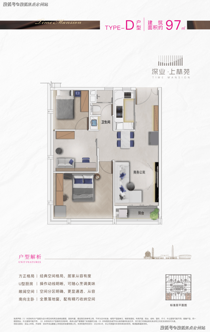 产品形态:主推40-97㎡精装商务公寓,主力户型为40-50㎡小户型(占比80%),另有少量20-36层改善型套房,涵盖1-3房全生命周期需求。
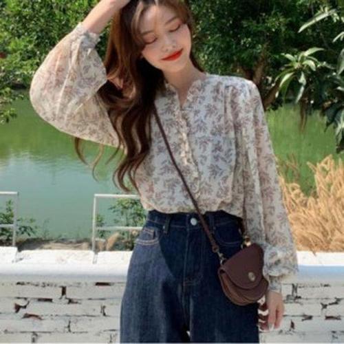 슬림소녀 여성 봄가을 패션 브이넥 블라우스 기질 슬림핏 플라워 캐주얼 쉬폰 셔츠
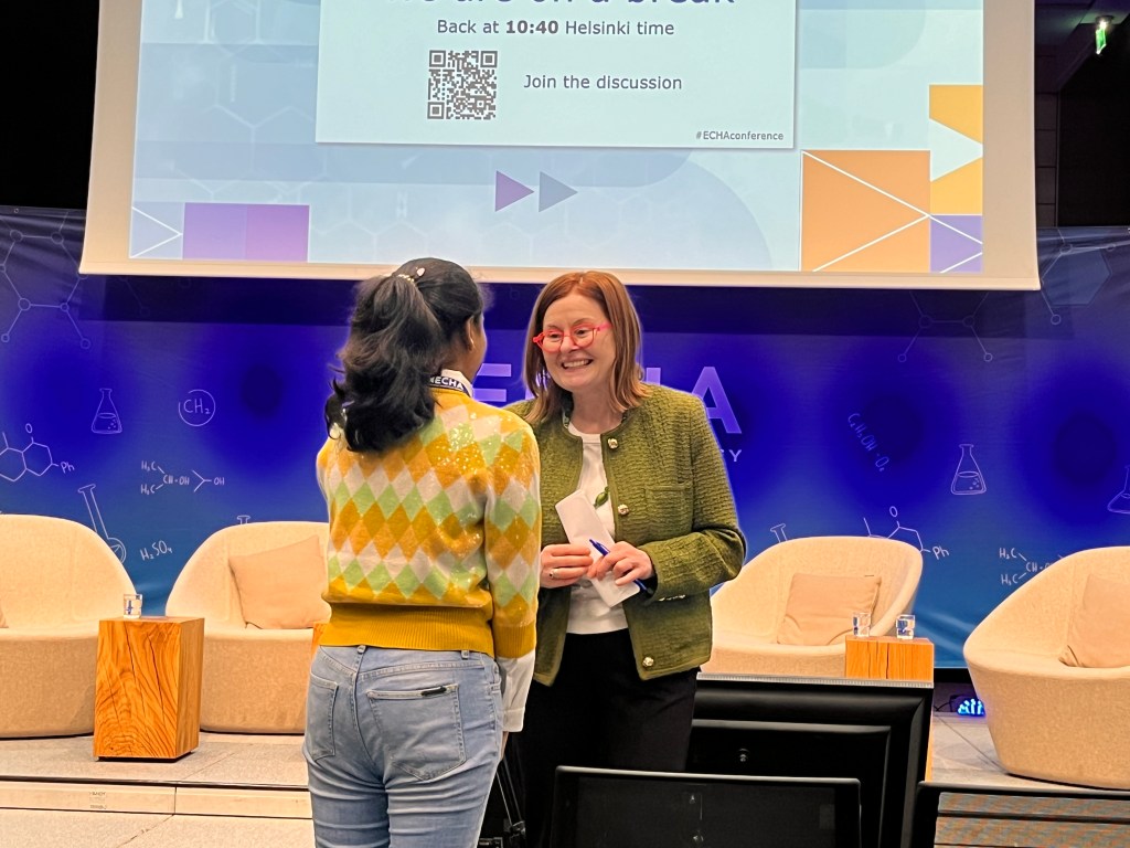 The conference had a sharp 9am start with the introduction and welcome keynote by Virginijus Sinkevicius (EU Commissioner for Environment, Oceans & fisheries), followed by another keynote by Juhani Damski (Permanent Secretary Ministry of Environment, Finland). I was eagerly waiting for the speech from Sharon Mccguiness (Executive director of ECHA), who I also managed to catch up with during one of the break sessions.
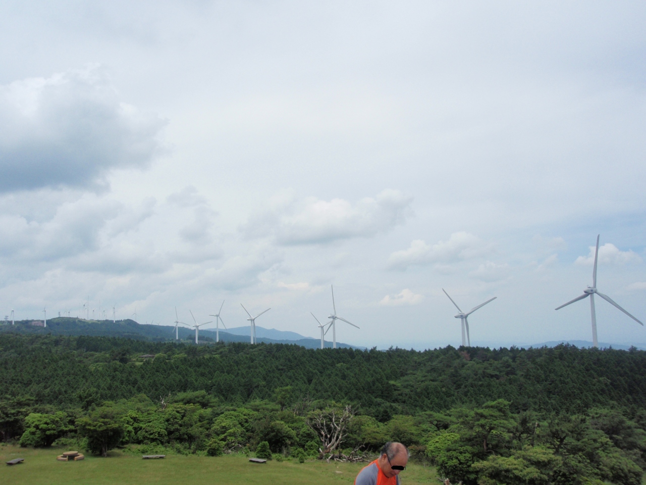 近鉄西青山駅を出発し、七百数十段の石、プラ段を凌いで1時間51分髻山三角点に到着。360度のパノラマを堪能して30分先にある丸山草原に到着。数十基の風車が回っている。下山は四季の里経由で東青山駅に降りました。本日のコース、標高差は400M強であり、アップダウン数も多く、また数百段の石段、プラ段登りとタフなコースであった
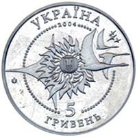 | На аверсі монети в центрі в намистовому колі зображено малий Державний Герб України в оточенні алегоричної композиції із сонця, стилізованого крила, птахів та зірок, що втілює мрію людства досягти космічних висот, та кругові написи - УКРАЇНА, 2004, 5, ГРИВЕНЬ. |
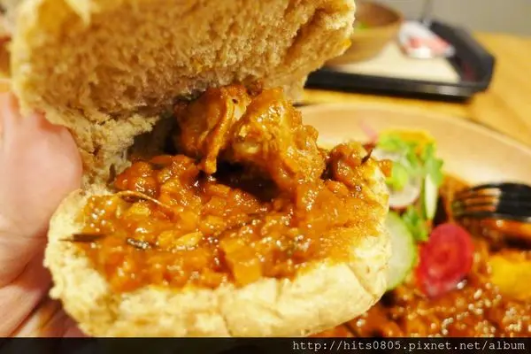 麵包切一半.中間包夾著醬汁和燉肉.能增加麵包的濕潤度.同時有飽足感~
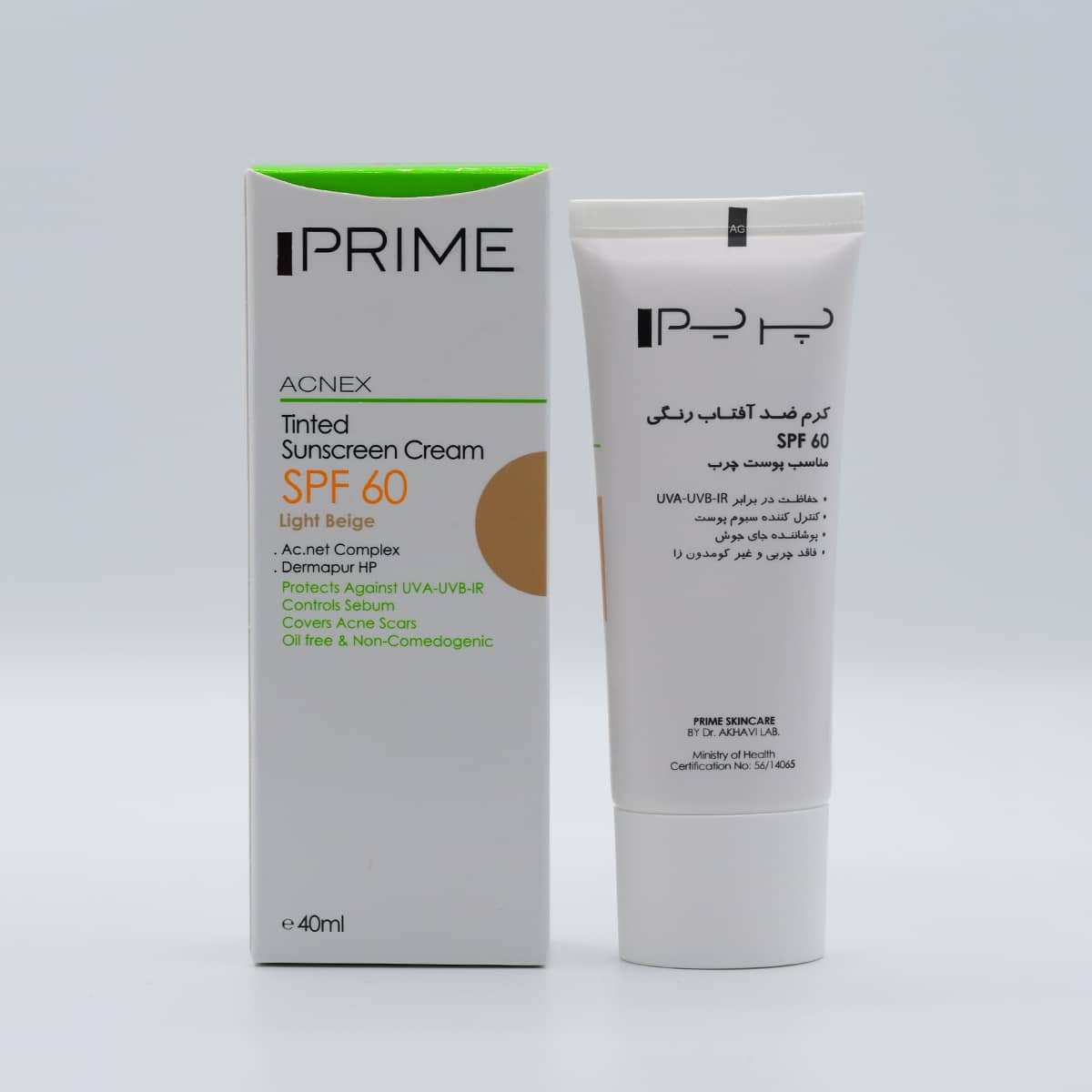- کرم ضد آفتاب پریم SPF60 فاقد چربی، با پوشانندگی بالا
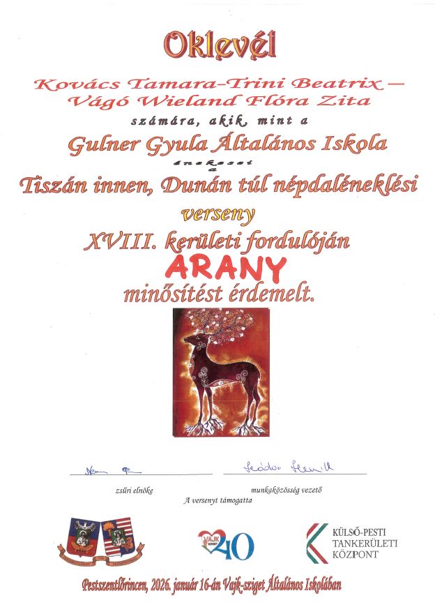Az idei Kerületi Népdaléneklő Verseny 2026. január 16-án került megrendezésre a Vajk-Sziget Általános Iskolában, melyen nyolc iskola vett részt.
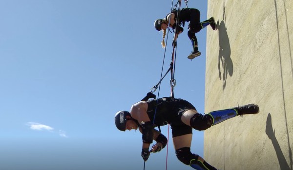 The Challenge is named What Goes Up, Must Come Down. The race is played in three stages. First, the teams climb flights of stairs to the roof of a building. Second, one player is suspended over the edge of the building and relays an answer key to their teammate who assembles the puzzle. Then, the two teammates race down the side of the building. The females are significantly slower, so the competition comes down to Shane & Nelson or Bananas & Tony. The Lavender Ladies try to heckle Bananas as he tells Tony the answers to the puzzle, but their heckling fails. Bananas & Tony win the challenge and get the power vote.
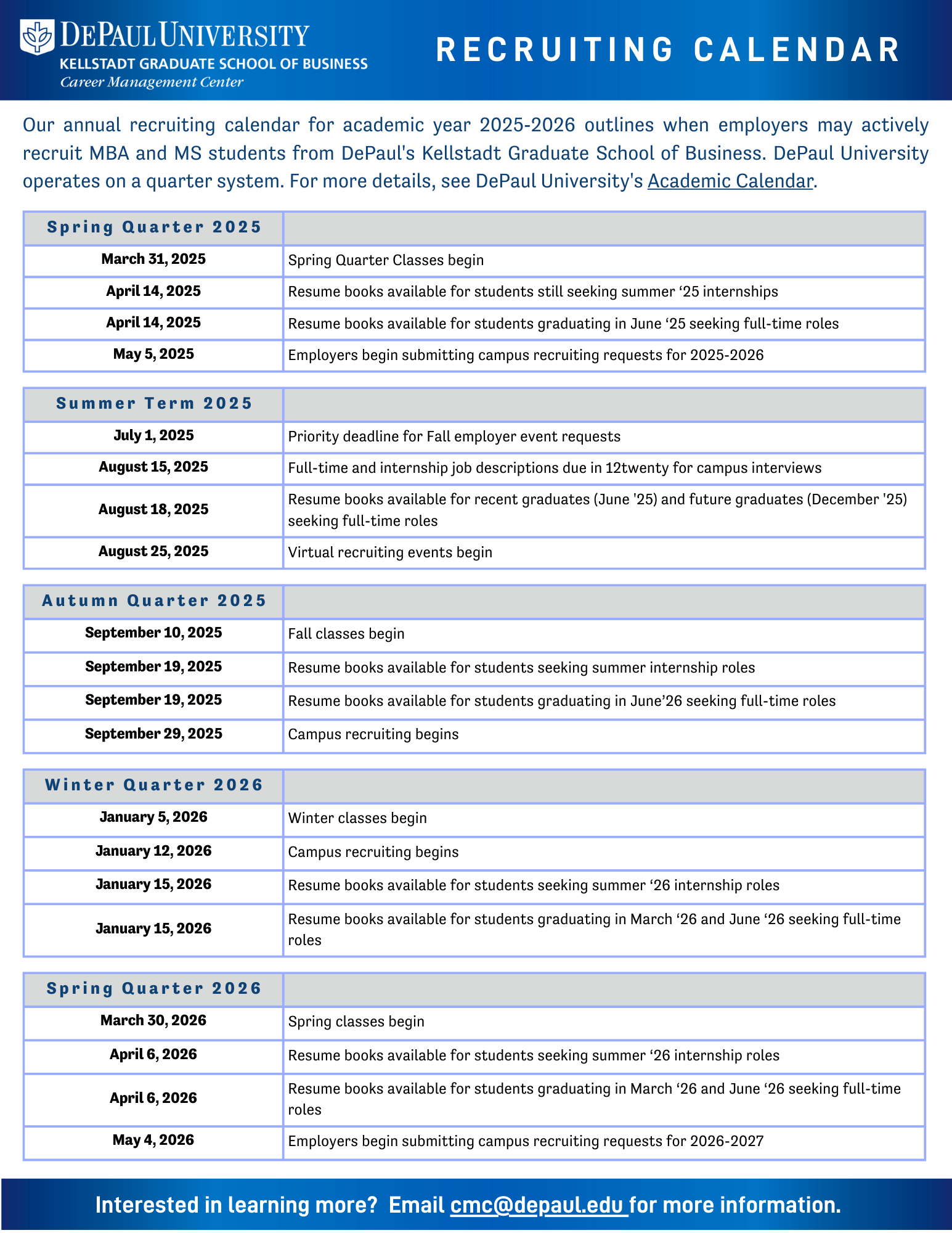 Our annual recruiting calendar for academic year 2025-2026 outlines when employers may actively recruit MBA and MS students from DePaul's Kellstadt Graduate School of Business.
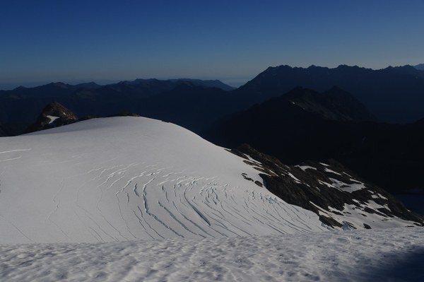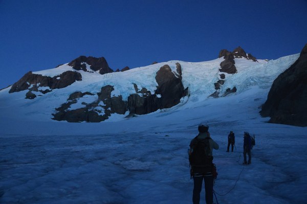 sunrise begins The path up to the summit is straightforward. Approach the ice fall and cut climbers' right up through the rocks and eventually onto Snow Dome. There is plenty of running water up to this point. This might be your last chance to fill up.

**Assignment:**
From the first record to the last, retype everything exactly except the images.

**Written response:**
 产品形态:主推40-97㎡精装商务公寓,主力户型为40-50㎡小户型(占比80%),另有少量20-36层改善型套房,涵盖1-3房全生命周期需求。
 슬림소녀 여성 봄가을 패션 브이넥 블라우스 기질 슬림핏 플라워 캐주얼 쉬폰 셔츠
 The conference had a sharp 9am start with the introduction and welcome keynote by Virginijus Sinkevicius (EU Commissioner for Environment, Oceans & fisheries), followed by another keynote by Juhani Damski (Permanent Secretary Ministry of Environment, Finland). I was eagerly waiting for the speech from Sharon Mccguiness (Executive director of ECHA), who I also managed to catch up with during one of the break sessions.
 近鉄西青山駅を出発し、七百数十段の石、プラ段を凌いで1時間51分髻山三角点に到着。360度のパノラマを堪能して30分先にある丸山草原に到着。数十基の風車が回っている。下山は四季の里経由で東青山駅に降りました。本日のコース、標高差は400M強であり、アップダウン数も多く、また数百段の石段、プラ段登りとタフなコースであった
 | На аверсі монети в центрі в намистовому колі зображено малий Державний Герб України в оточенні алегоричної композиції із сонця, стилізованого крила, птахів та зірок, що втілює мрію людства досягти космічних висот, та кругові написи - УКРАЇНА, 2004, 5, ГРИВЕНЬ. |
 麵包切一半.中間包夾著醬汁和燉肉.能增加麵包的濕潤度.同時有飽足感~
- کرم ضد آفتاب پریم SPF60 فاقد چربی، با پوشانندگی بالا
Az idei Kerületi Népdaléneklő Verseny 2026. január 16-án került megrendezésre a Vajk-Sziget Általános Iskolában, melyen nyolc iskola vett részt.
 The Challenge is named What Goes Up, Must Come Down. The race is played in three stages. First, the teams climb flights of stairs to the roof of a building. Second, one player is suspended over the edge of the building and relays an answer key to their teammate who assembles the puzzle. Then, the two teammates race down the side of the building. The females are significantly slower, so the competition comes down to Shane & Nelson or Bananas & Tony. The Lavender Ladies try to heckle Bananas as he tells Tony the answers to the puzzle, but their heckling fails. Bananas & Tony win the challenge and get the power vote.
 Our annual recruiting calendar for academic year 2025-2026 outlines when employers may actively recruit MBA and MS students from DePaul's Kellstadt Graduate School of Business.
 sunrise begins The path up to the summit is straightforward. Approach the ice fall and cut climbers' right up through the rocks and eventually onto Snow Dome. There is plenty of running water up to this point. This might be your last chance to fill up.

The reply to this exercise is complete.